- Problem details: With the pictures left out, write out exactly the lines of the listing below that run from the line with "Pánská lněná košile" through the line with "Wave diseñado por".

- Supplied records:
------------------------------------------------------------------------

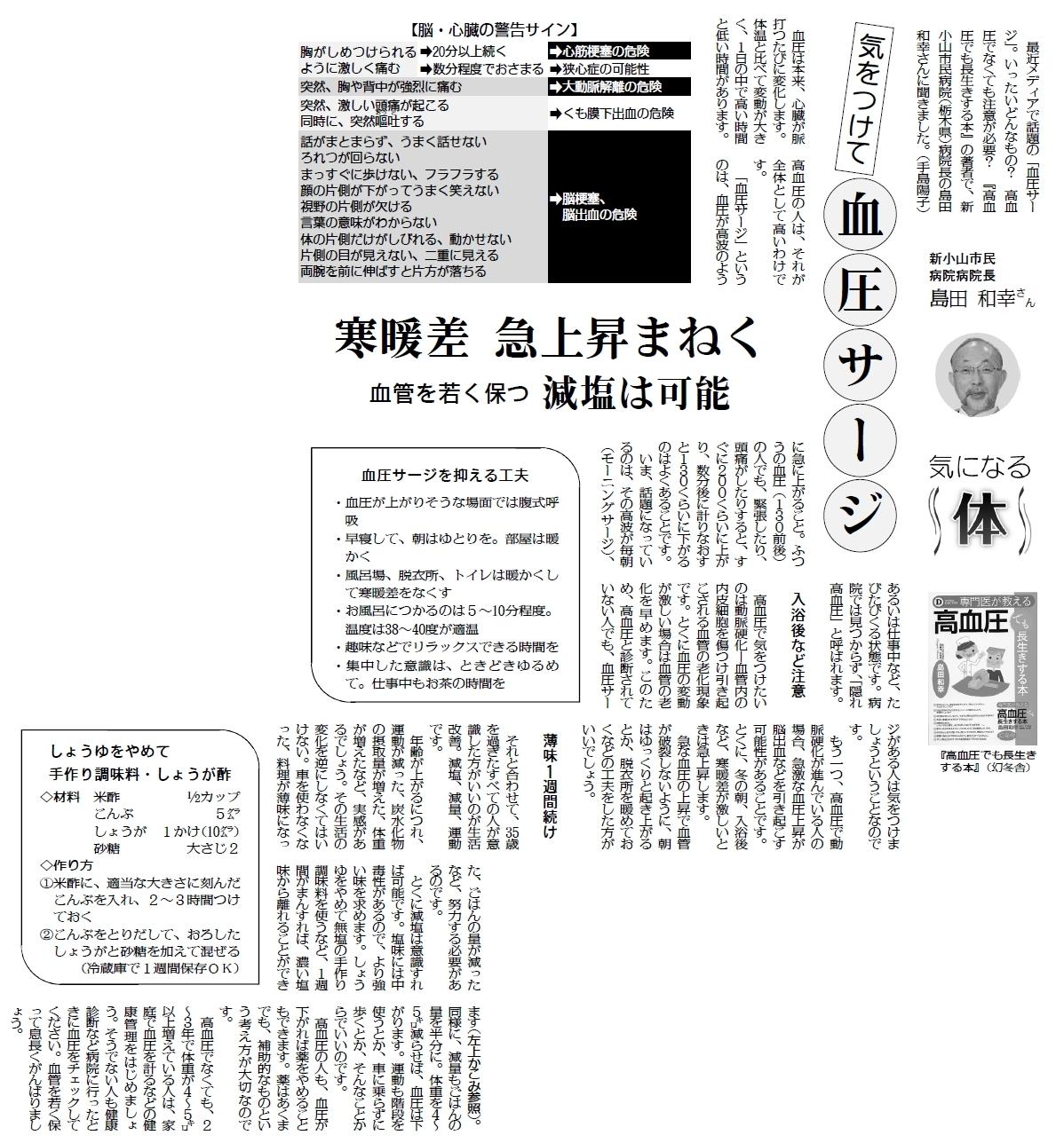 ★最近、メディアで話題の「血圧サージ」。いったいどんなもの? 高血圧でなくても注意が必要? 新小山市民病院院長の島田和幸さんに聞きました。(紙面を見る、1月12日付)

------------------------------------------------------------------------

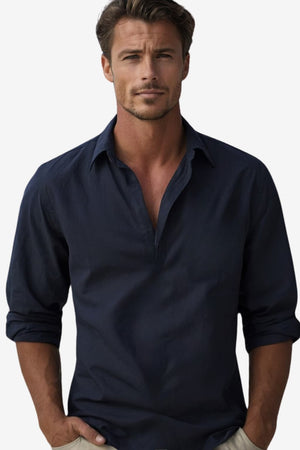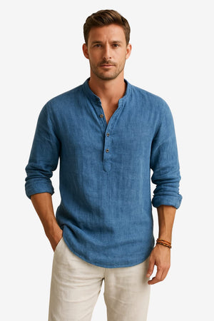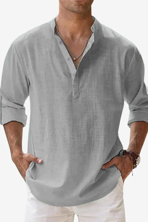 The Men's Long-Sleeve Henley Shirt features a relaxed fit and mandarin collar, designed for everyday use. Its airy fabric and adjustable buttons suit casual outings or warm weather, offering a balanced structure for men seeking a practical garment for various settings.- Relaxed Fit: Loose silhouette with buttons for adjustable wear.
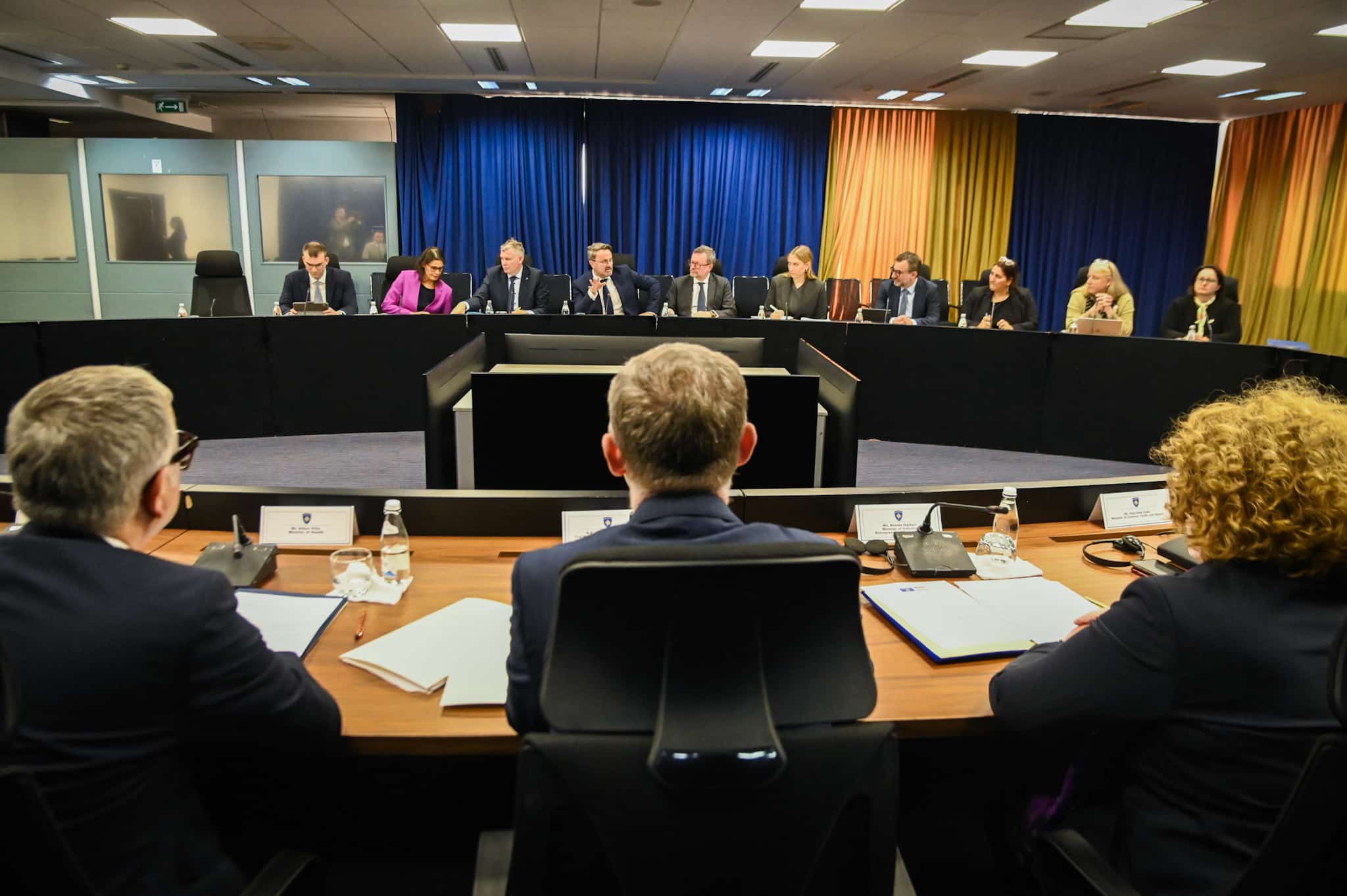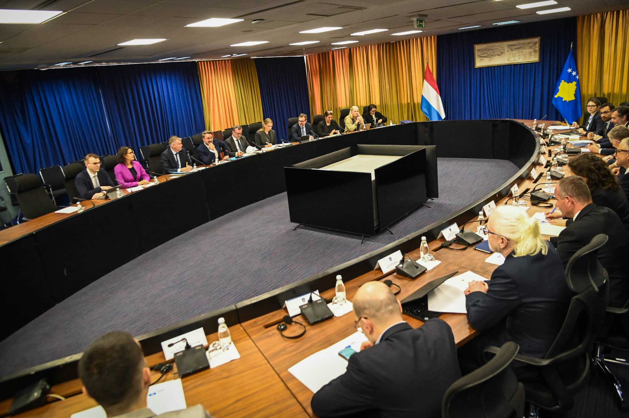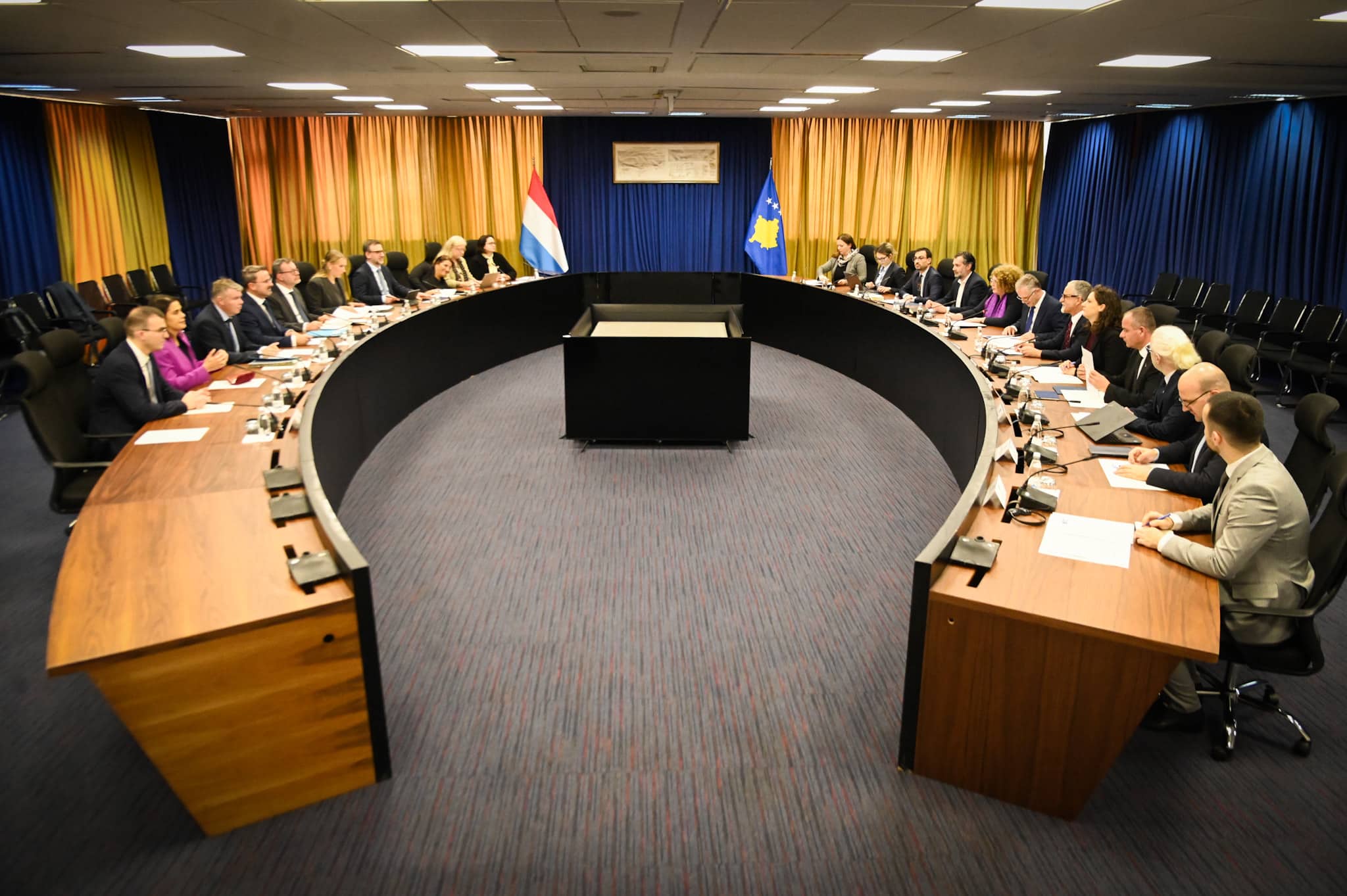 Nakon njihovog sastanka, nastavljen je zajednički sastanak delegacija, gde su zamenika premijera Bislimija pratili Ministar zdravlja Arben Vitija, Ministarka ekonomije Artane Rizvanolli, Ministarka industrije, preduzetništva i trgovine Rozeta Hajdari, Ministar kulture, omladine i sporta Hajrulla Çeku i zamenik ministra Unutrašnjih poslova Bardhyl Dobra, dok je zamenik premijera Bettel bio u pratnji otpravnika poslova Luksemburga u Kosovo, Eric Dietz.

------------------------------------------------------------------------

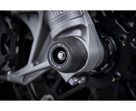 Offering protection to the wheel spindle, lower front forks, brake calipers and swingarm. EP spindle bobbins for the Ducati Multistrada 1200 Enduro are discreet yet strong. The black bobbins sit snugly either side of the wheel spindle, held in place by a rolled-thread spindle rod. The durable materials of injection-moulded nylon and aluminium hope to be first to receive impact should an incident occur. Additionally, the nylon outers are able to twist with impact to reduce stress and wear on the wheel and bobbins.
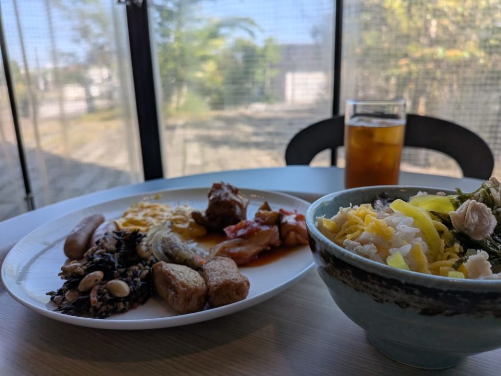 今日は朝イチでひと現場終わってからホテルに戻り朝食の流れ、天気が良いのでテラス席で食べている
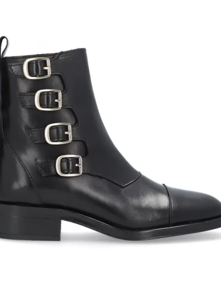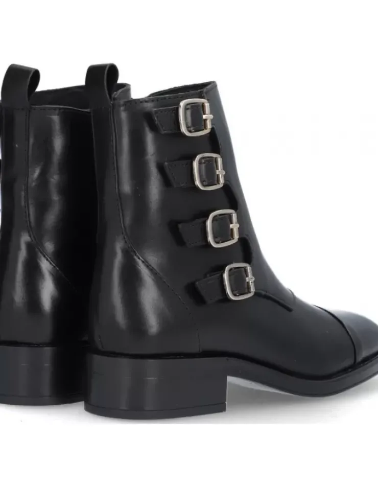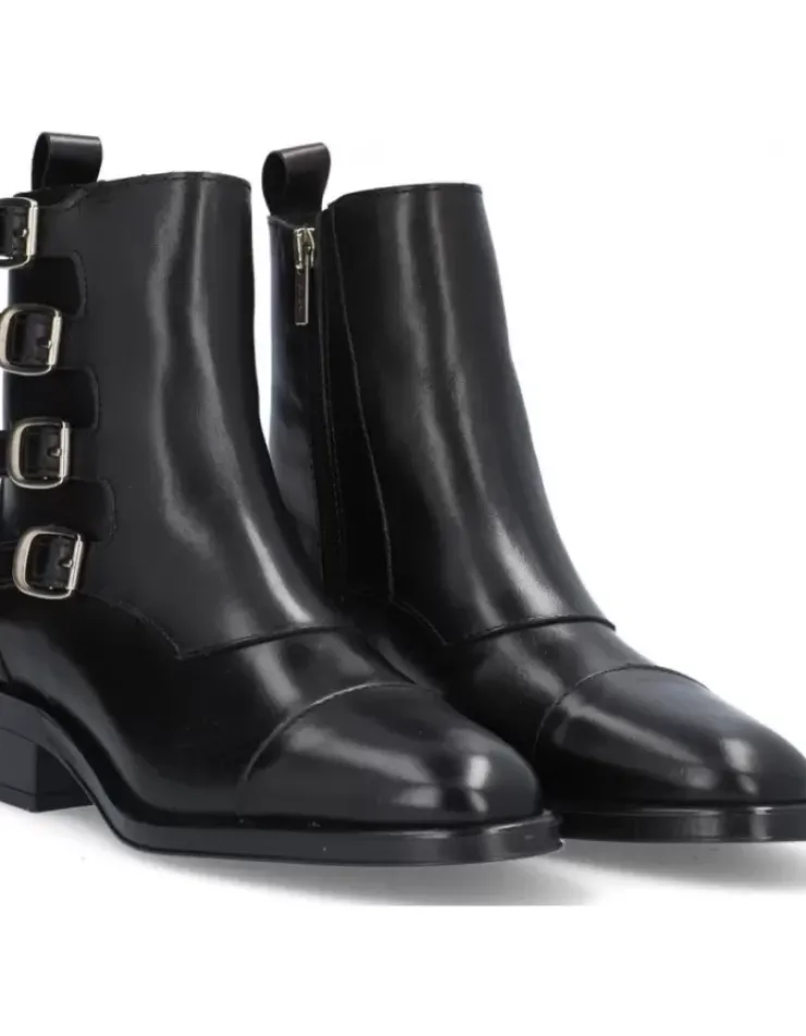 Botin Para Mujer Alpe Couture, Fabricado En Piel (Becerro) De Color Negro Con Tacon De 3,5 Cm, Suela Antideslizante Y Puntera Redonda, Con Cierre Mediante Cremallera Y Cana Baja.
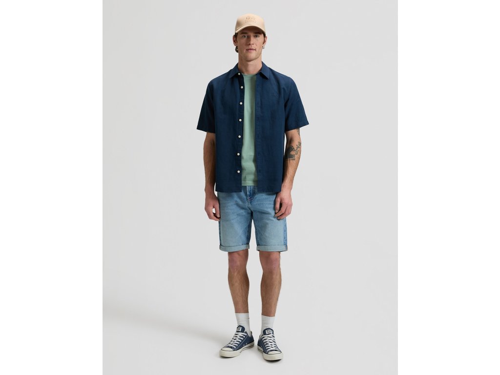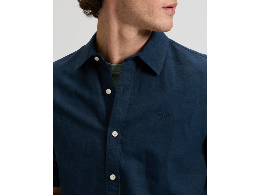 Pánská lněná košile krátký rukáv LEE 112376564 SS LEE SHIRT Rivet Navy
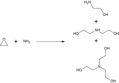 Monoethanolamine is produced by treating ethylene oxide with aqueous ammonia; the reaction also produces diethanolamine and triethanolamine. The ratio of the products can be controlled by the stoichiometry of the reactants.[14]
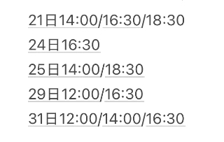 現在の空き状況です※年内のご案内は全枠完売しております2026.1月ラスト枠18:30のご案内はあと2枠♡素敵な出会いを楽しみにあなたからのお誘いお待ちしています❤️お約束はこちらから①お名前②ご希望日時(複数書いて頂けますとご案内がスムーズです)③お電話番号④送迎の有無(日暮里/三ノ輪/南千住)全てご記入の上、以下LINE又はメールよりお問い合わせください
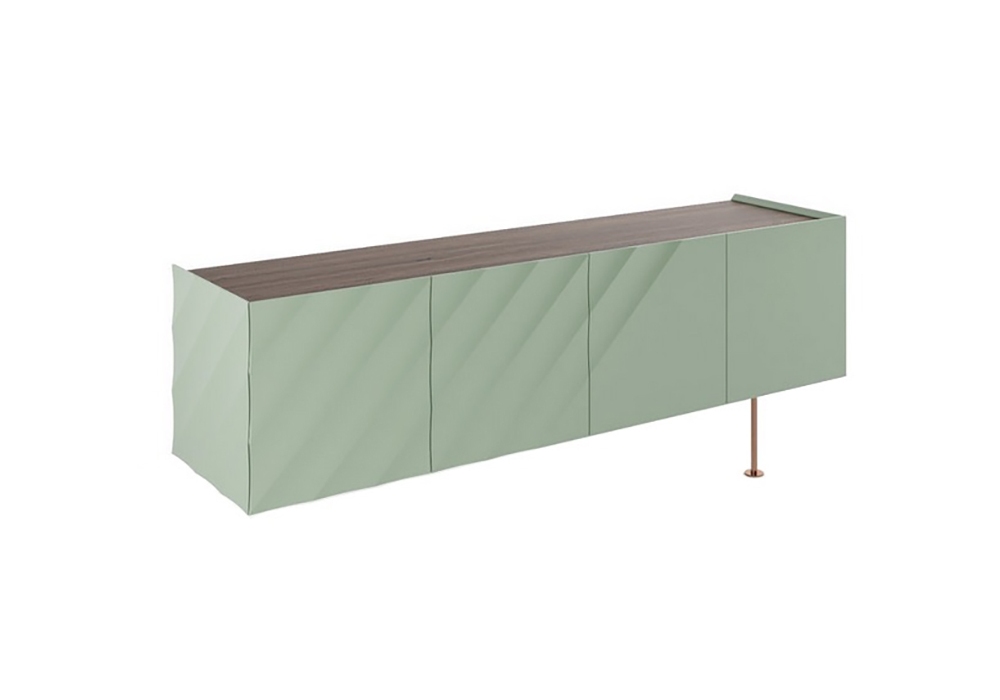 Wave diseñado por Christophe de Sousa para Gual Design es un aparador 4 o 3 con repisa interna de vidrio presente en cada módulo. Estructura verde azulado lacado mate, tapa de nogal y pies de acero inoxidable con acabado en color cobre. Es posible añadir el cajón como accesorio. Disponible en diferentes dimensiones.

------------------------------------------------------------------------

- Written solution:
 Pánská lněná košile krátký rukáv LEE 112376564 SS LEE SHIRT Rivet Navy
 Monoethanolamine is produced by treating ethylene oxide with aqueous ammonia; the reaction also produces diethanolamine and triethanolamine. The ratio of the products can be controlled by the stoichiometry of the reactants.[14]
 現在の空き状況です※年内のご案内は全枠完売しております2026.1月ラスト枠18:30のご案内はあと2枠♡素敵な出会いを楽しみにあなたからのお誘いお待ちしています❤️お約束はこちらから①お名前②ご希望日時(複数書いて頂けますとご案内がスムーズです)③お電話番号④送迎の有無(日暮里/三ノ輪/南千住)全てご記入の上、以下LINE又はメールよりお問い合わせください
 Wave diseñado por Christophe de Sousa para Gual Design es un aparador 4 o 3 con repisa interna de vidrio presente en cada módulo. Estructura verde azulado lacado mate, tapa de nogal y pies de acero inoxidable con acabado en color cobre. Es posible añadir el cajón como accesorio. Disponible en diferentes dimensiones.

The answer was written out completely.